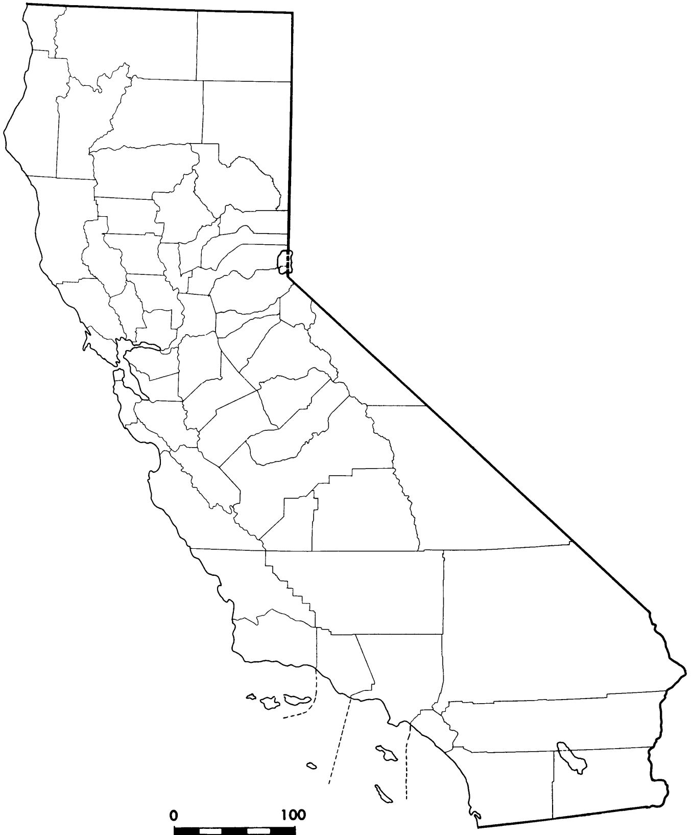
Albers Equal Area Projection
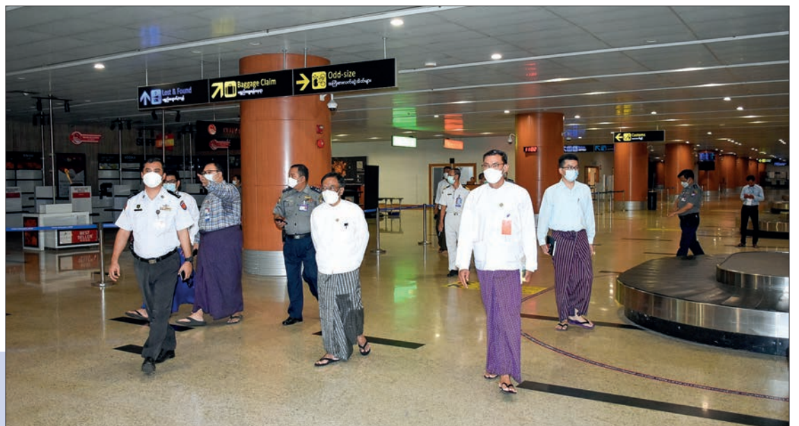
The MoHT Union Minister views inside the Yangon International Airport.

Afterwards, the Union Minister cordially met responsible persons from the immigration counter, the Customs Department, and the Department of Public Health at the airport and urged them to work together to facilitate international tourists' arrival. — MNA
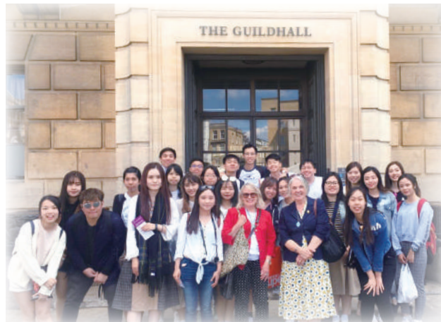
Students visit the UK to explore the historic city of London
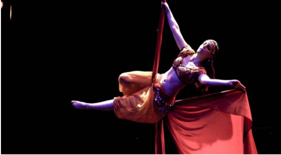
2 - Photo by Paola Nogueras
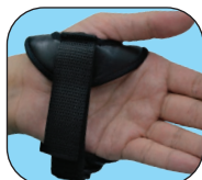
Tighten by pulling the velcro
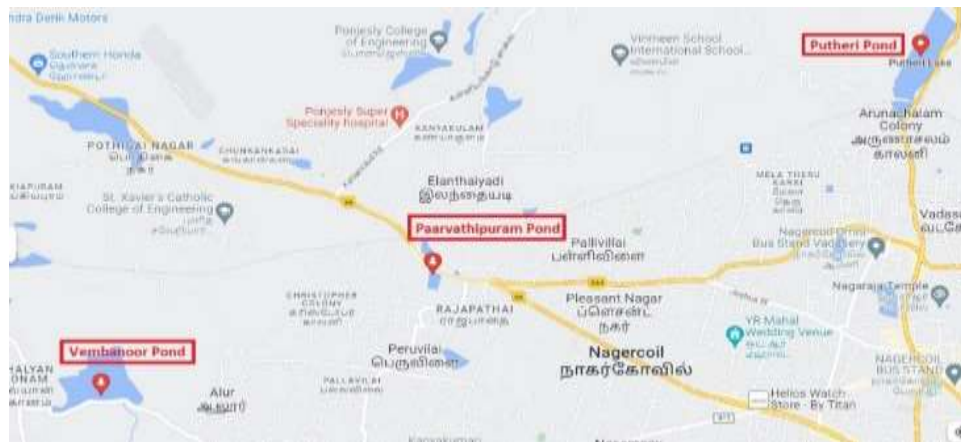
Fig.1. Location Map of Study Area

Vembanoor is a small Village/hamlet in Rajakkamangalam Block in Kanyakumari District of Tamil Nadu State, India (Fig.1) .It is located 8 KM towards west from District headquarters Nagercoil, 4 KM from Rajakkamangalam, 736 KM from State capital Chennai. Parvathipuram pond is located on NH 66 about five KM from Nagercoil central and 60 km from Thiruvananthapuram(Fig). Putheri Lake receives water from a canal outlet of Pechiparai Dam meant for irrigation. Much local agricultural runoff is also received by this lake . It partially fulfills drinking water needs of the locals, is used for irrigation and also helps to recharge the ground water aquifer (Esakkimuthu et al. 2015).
—————
**How to complete this task:** Which lines in the data above hold the string "Minister"? Show each one.

**Answer box:**
The MoHT Union Minister views inside the Yangon International Airport.
Afterwards, the Union Minister cordially met responsible persons from the immigration counter, the Customs Department, and the Department of Public Health at the airport and urged them to work together to facilitate international tourists' arrival. — MNA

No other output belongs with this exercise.